4

I'm trying to use the docker buildkit approach to caching packages to speed up adding packages to docker containers. I learned about it from the instructions for both python and apt-get packages and useful Stackexchange answer on caching python packages while building Docker. For Python and apt-get I am able to get this to work, but I can't get it to work for R packages.

In a Dockerfile for Python I'm able to change:

RUN pip install -r requirements.txt

to (and the comment looking bit at the top of the Dockerfile is needed)

# syntax=docker/dockerfile:experimental
RUN --mount=type=cache,target=/root/.cache/pip pip install -r requirements.txt

And then when I add a package to the requirements.txt file, rather than re-downloading and building the packages, pip is able to re-use all the work it has done. So buildkit cache mounts add a level of caching beyond the image layers of docker. It's a massive timesaver. I'm hoping to set up something similar for r-packages.

Here is what I've tried that works for apt-get but not r-packges. I've also tried with the install2.r script.

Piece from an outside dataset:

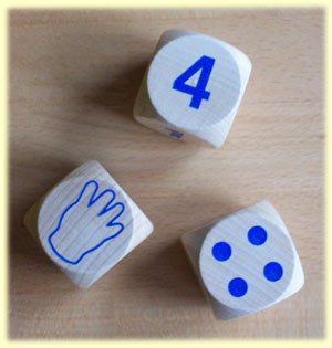 Как играть: Играют по очереди. Младший из игроков начинает - бросает игровой кубик. Теперь он считает и пододвигает к себе такое количество кубиков, столько выпало на кубике. Ход переходит к следующему дуэлянту.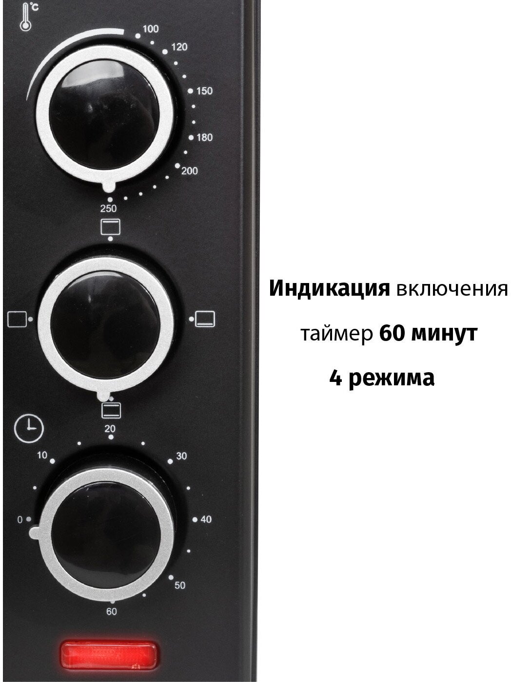 | Режимы | верхний гриль / верхний нагрев / верхний+нижний нагрев / нижний гриль / нижний нагрев |

# syntax=docker/dockerfile:experimental
FROM rocker/tidyverse
RUN rm -f /etc/apt/apt.conf.d/docker-clean; echo 'Binary::apt::APT::Keep-Downloaded-Packages "true";' > /etc/apt/apt.conf.d/keep-cache
RUN --mount=type=cache,target=/var/cache/apt --mount=type=cache,target=/var/lib/apt \
  apt update && apt install -y gcc \
      zsh \
      vim

COPY ./requirements.R .
RUN --mount=type=cache,target=/usr/local/lib/R/site-library Rscript ./requirements.R

I think I don't understand:

  1. How buildkit works. Does it do the building of containers inside a container? ie the cache path is on the 'build container'?
  2. What one needs to specify as the target for R to notice that it already has downloaded (and possibly built).

I suspect that it has something to do with the keep.source command when installing an R package, as discussed in this question

jameshowison
  • 151
  • 8
  • Still figuring this out. But it seems like renv is going to be relevant here, as it provides a cache, but it seems to want to link at container run time rather than at build time, assuming that the cache is on the host machine rather than the buildx building container https://rstudio.github.io/renv/articles/docker.html – jameshowison Feb 27 '20 at 23:37
  • hi @jameshowison, did you find out how to do this? I'm completely new to this, and wanted to know if there is a working solution that can save time by using some type of r package install cache. – Spencer Trinh Dec 27 '20 at 20:30
  • This is as far as I got: https://github.com/howisonlab/test_repo_buildx_renv I think the binder people are working towards this as well. – jameshowison Dec 29 '20 at 15:15
  • thanks for sharing! – Spencer Trinh Dec 29 '20 at 23:47

0 Answers0